Los nativos, tras hacer muchos gestos de amistad, trajeron gallinas para cambiarlas por abalorios. Tanto el cacique como algunos de sus acompañantes llevaban aretes en las orejas y en los dientes gruesas incrustaciones de oro.

Abundaba en la isla ese metal precioso y lo vendían muy barato. Algunos castellanos intentaron comprárselos, pero Carquizano había dado órdenes concretas prohibiendo compra alguna de oro para que no pensaran que hacían aprecio del rico metal.

El día 9, por la mañana, volvió el batel a tierra a fin de comprar más víveres. Urdaneta y Gonzalo de Vigo fueron con ellos. Todos los que desembarcaron iban armados con arcabuces.

Cuando estaban en pleno trato apareció un individuo que al verles se puso a hablar a gritos al rey. Este y sus súbditos al oírle se alejaron temerosos de los castellanos, sin hacer caso a las voces de protesta del gallego.

—¿Qué pasa? —preguntó Urdaneta—, ¿qué decía ese hombre?

Gonzalo de Vigo meneó la cabeza.

—Me ha parecido entender que era de Malaca. Me parece que ha creído que somos portugueses y le ha dicho al rey que no haga amistad con nosotros ni nos venda nada, pues, según él, acabaremos matándolos a todos. Quiere que apaguemos la mechas de nuestras escopetas.

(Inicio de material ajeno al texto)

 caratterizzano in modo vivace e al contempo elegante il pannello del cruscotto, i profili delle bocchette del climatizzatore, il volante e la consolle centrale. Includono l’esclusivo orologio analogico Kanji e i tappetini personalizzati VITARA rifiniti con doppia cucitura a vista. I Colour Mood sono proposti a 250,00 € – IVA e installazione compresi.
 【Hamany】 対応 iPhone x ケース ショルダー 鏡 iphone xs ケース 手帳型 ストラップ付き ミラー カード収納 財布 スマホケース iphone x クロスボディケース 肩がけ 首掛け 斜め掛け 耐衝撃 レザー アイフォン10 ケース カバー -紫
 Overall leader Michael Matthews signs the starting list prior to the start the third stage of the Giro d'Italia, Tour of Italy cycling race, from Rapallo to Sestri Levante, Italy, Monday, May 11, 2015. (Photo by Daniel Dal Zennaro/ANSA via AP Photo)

Urdaneta contempló a su alrededor media docena de soldados que tenían las escopetas cargadas y la mecha encendida por lo que pudiera pasar.

—Dile que no podemos aceptar sus exigencias. Eso nos dejaría indefensos, a su entera disposición.

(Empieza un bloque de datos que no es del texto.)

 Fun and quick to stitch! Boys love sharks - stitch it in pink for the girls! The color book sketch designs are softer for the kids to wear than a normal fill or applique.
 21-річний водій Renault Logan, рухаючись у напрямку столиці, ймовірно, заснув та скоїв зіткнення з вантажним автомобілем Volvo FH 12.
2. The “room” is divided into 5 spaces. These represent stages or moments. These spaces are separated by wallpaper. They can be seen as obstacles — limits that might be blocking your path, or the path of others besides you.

Todo el día pasó en infructuosas gestiones y al anochecer los castellanos se afirmaron en su creciente recelo cuando descubrieron a los indígenas tratando de cortar las amarras del batel para llevárselo. Al día siguiente, los expedicionarios tuvieron pruebas inequívocas de la ferocidad de los aborígenes.

—¡Capitán, capitán! —alertó uno de los marineros—. ¡Los prisioneros escapan!

En efecto, los once nativos que habían cogido prisioneros en las islas Ladrones se habían lanzado al agua y, como excelentes nadadores que eran, se dirigían a tierra a nado a pesar de la distancia.

—¿Qué hacemos, capitán?

Carquizano miró la multitud de nativos que se agolpaba en la orilla y se encogió de hombros.

—Demasiado tarde para hacer nada. Dejadles ir.

—¿Cómo los recibirán? —comentó Urdaneta desde lo alto del castillo de popa.

—Pronto lo averiguaremos —musitó Bustamante—; pero, a juzgar por el griterío, no muy bien...

Efectivamente, los ánimos de los aborígenes se iban exacerbando por momentos al comprobar que los nadadores no pertenecían a su isla. En cuanto pusieron pie en tierra fueron atacados y llevados a rastras hacia el interior. Unos aullidos de terror indicaron a los expedicionarios cuál había sido el fin de los pobres diablos.